Character Analysis
Enjoy Delacroix
The Delacroix family is in the mix right from the start. There's Dickie Delacroix, who gathers his stones with the other boys, there's Mr. Delacroix drawing his strip of paper, there's Mrs. Delacroix, chatting happily with Mrs. Graves and Mrs. Tess Hutchinson—and then there's Mrs. Delacroix picking up a stone so large she needs to use both hands to pick it up.
Let's start with the name, Delacroix.
Critic Helen Nebeker has pointed out that "Delacroix" means "of-the-cross" in French.

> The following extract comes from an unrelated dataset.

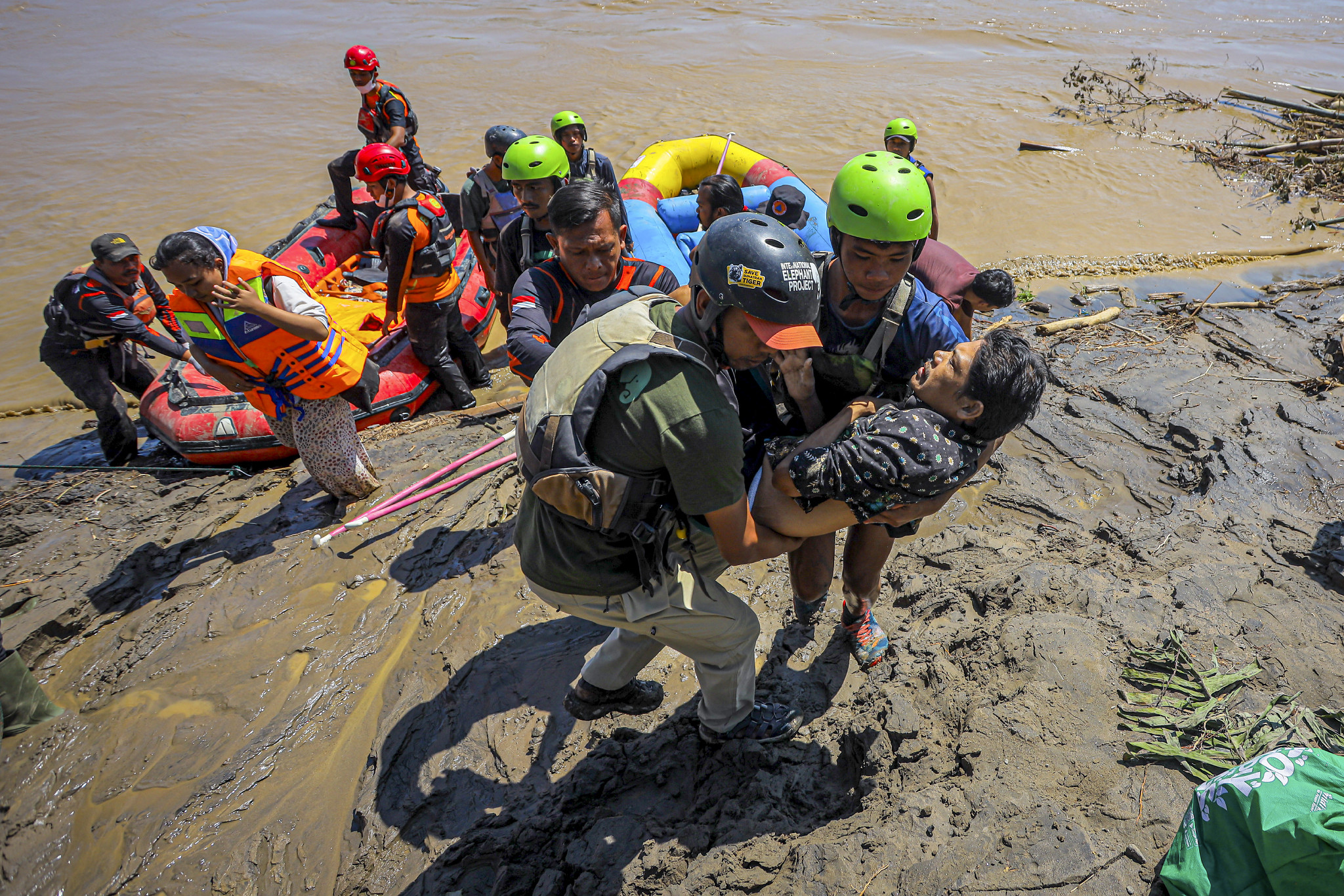 インドネシア国家災害対策庁によると、同国西部スマトラ島で24日から続いた豪雨による死者数が442人となった。依然として数百人が行方不明となっている。写真は被災した住民を救出する救急隊員=29日【AFP時事】

Nebeker draws particular attention to Jackson's elaboration that the villagers pronounce "Delacroix" (de-la-KWAH) as "Dellacroy." In other words, argues Nebeker, the villagers are perverting the cross, the big Christian symbol of martyrdom: far from being a willing sacrifice, the lottery makes an absolutely unwilling, hypocritical woman bear the burden of the community's ritual murder (Source).
We find it striking that Mrs. Delacroix is the only person who speaks to the otherwise silent Mrs. Graves, wife of the even more silent postmaster. In retrospect, Mrs. Delacroix's friendly relationship with the Graves family foreshadows her willingness to kill Tess Hutchinson with a smile on her face. The lottery appears completely natural to her, so much so that it doesn't strike her as a contradiction to chat happily with Tess one minute and attack her the next.
Mrs. Delacroix's reversal is perhaps the most obvious example of the deadening effect that this tradition has had on the hearts and minds of the villagers; she seems so unconscious of her own inconsistency that it would be difficult to call her betrayal of Tess "hypocrisy."
It's not conscious enough to be hypocrisy—Mrs. Delacroix really seems incapable of seeing how vicious and inconsistent she is being. And that's possibly the most horrible thing about the ending of this story: none of them know what evil they are doing.